Knowing the lifetime of self-sacrifice in securing the land of Las
Palomas, I sympathized with the old ranchero in his despondency.

"I never blamed you much, Tom," he resumed after a silence; "but
there's something about cattle life which I can't explain. It seems to
disqualify a man for ever making a good citizen afterward. He roams and
runs around, wasting his youth, and gets so foxy he never marries."

"But June and the widow made the riffle finally," I protested.

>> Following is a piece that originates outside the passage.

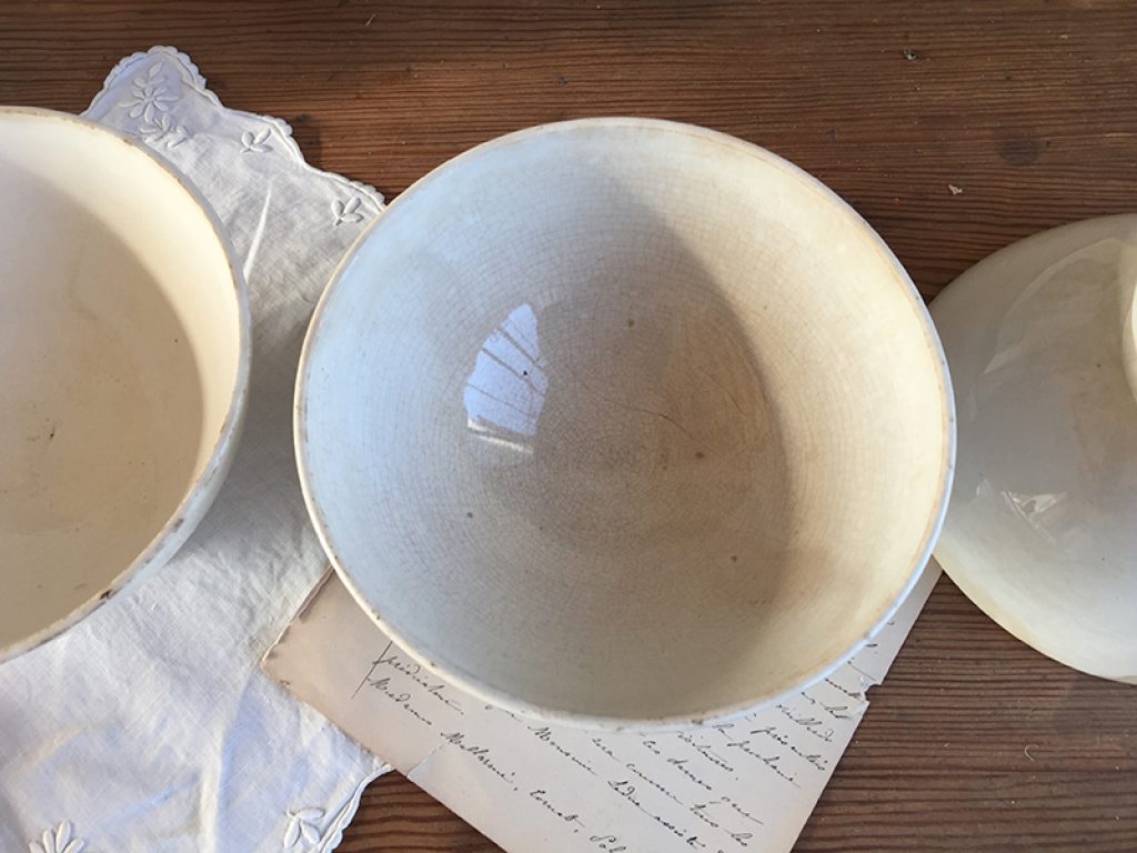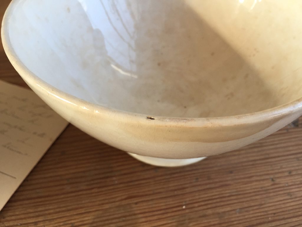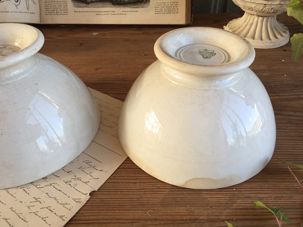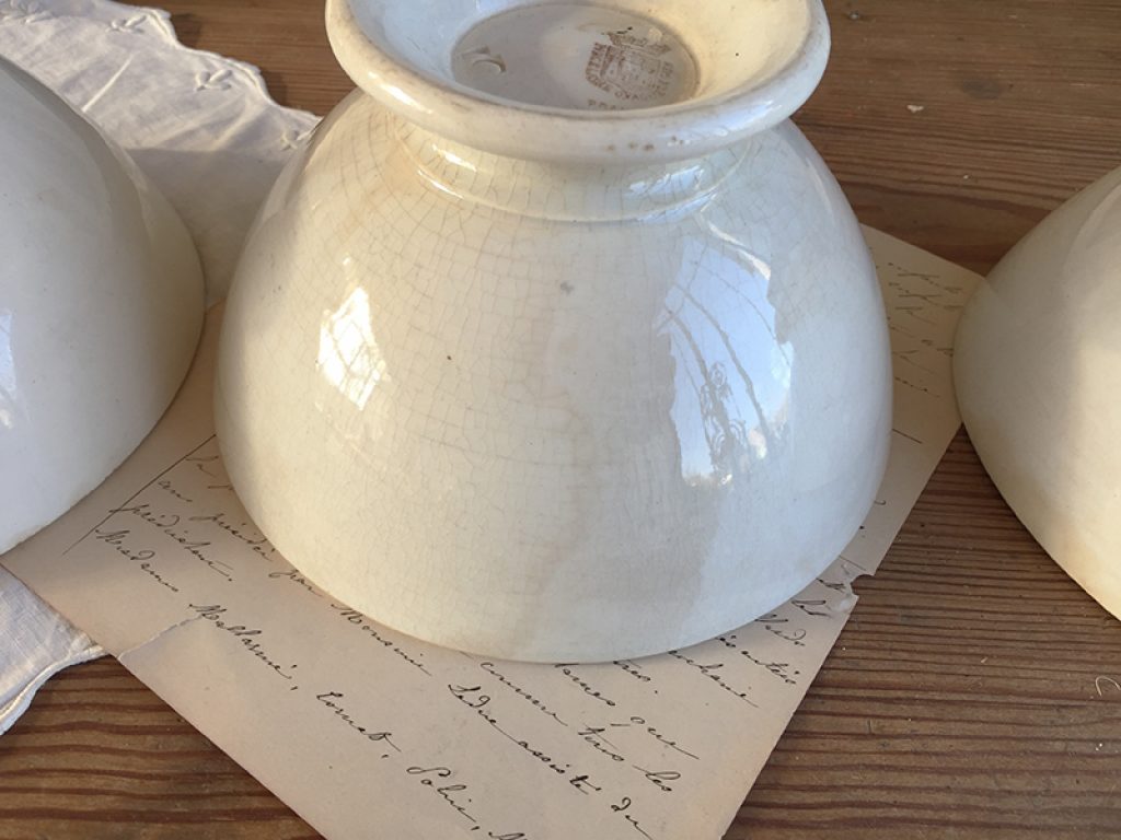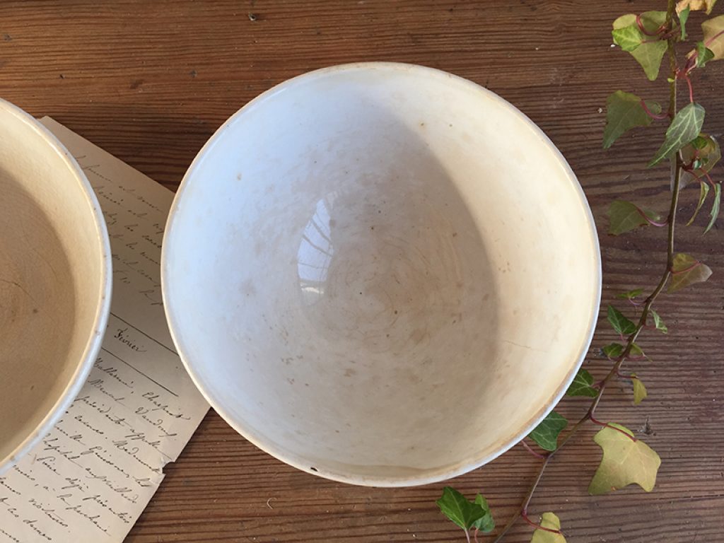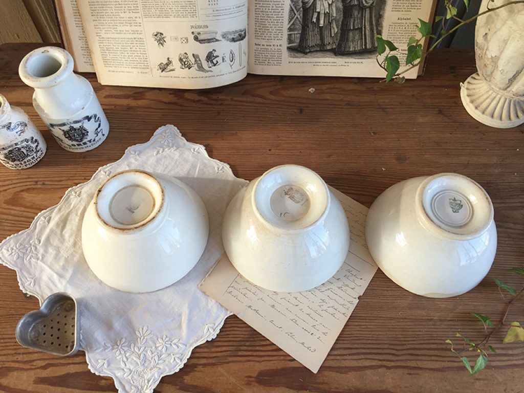 Trois anciens bols en faïence comportant quelques traces d’usage et jolie patine laissée par le temps. Fissures très superficielles à l’intérieur. Vendus séparément.
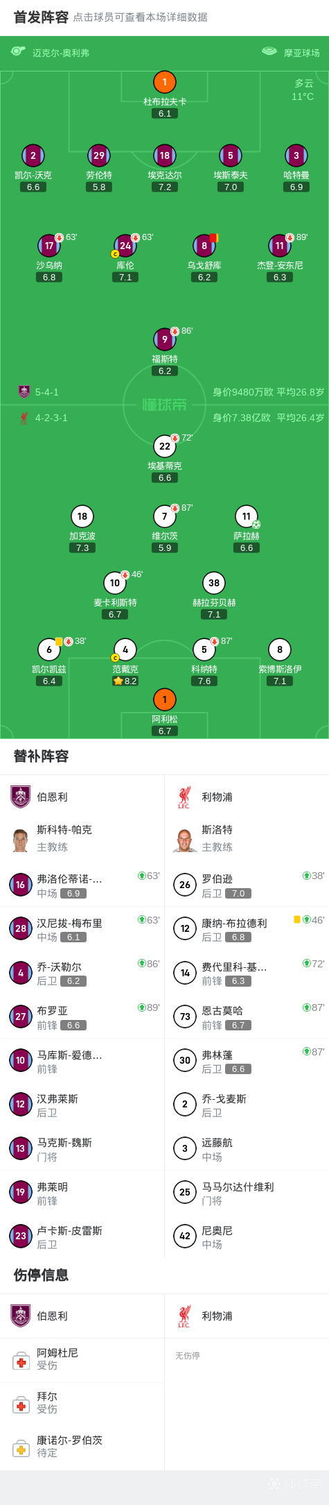 第38分钟,利物浦换人,罗伯逊替补上阵,凯尔凯兹被换下

"Yes, they did, and that's something to the good, but they never had
any children. Waited ten years after Annear was killed, and then got
married. That was one of Jean's matches. Tom, you must go over and see
Juana before you go. There was a match that I made. Just think of it,
they have eight children, and Fidel is prouder over them than I ever was
of this ranch. The natives have never disappointed me, but the Caucasian
seems to be played out."

I remained overnight at the ranch. After supper, sitting in his chair
before a cheerful fire, Uncle Lance dozed off to sleep, leaving his
sister and myself to entertain each other. I had little to say of my
past, and the future was not encouraging, except there was always work
to do. But Miss Jean unfolded like the pages of an absorbing chronicle,
and gave me the history of my old acquaintances in the valley. Only a
few of the girls had married. Frances Vaux, after flirting away her
youth, had taken the veil in one of the orders in her church. My old
sweetheart was contentedly living a life of seclusion on the ranch on
which she was born, apparently happy, but still interested in any word
of me in my wanderings. The young men of my acquaintance, except where
married, were scattered wide, the whereabouts of nearly all of them
unknown. Tony Hunter had held the McLeod estate together, and it had
prospered exceedingly under his management. My old friend, Red Earnest,
who outrode me in the relay race at the tournament in June, '77, was
married and serving in the Customs Service on the Rio Grande as a
mounted river guard.

The next morning, I made the round of the Mexican quarters, greeting my
old friends, before taking my leave and starting for the railroad.
The cottage which had been built for Esther and me stood vacant and
windowless, being used only for a storehouse for _zacahuiste_. As I rode
away, the sight oppressed me; it brought back the June time of my youth,
even the hour and instant in which our paths separated. On reaching the
last swell of ground, several miles from the ranch, which would give me
a glimpse of headquarters, I halted my horse in a farewell view. The
sleepy old ranch cosily nestled among the encinal oaks revived a
hundred memories, some sad, some happy, many of which have returned in
retrospect during lonely hours since.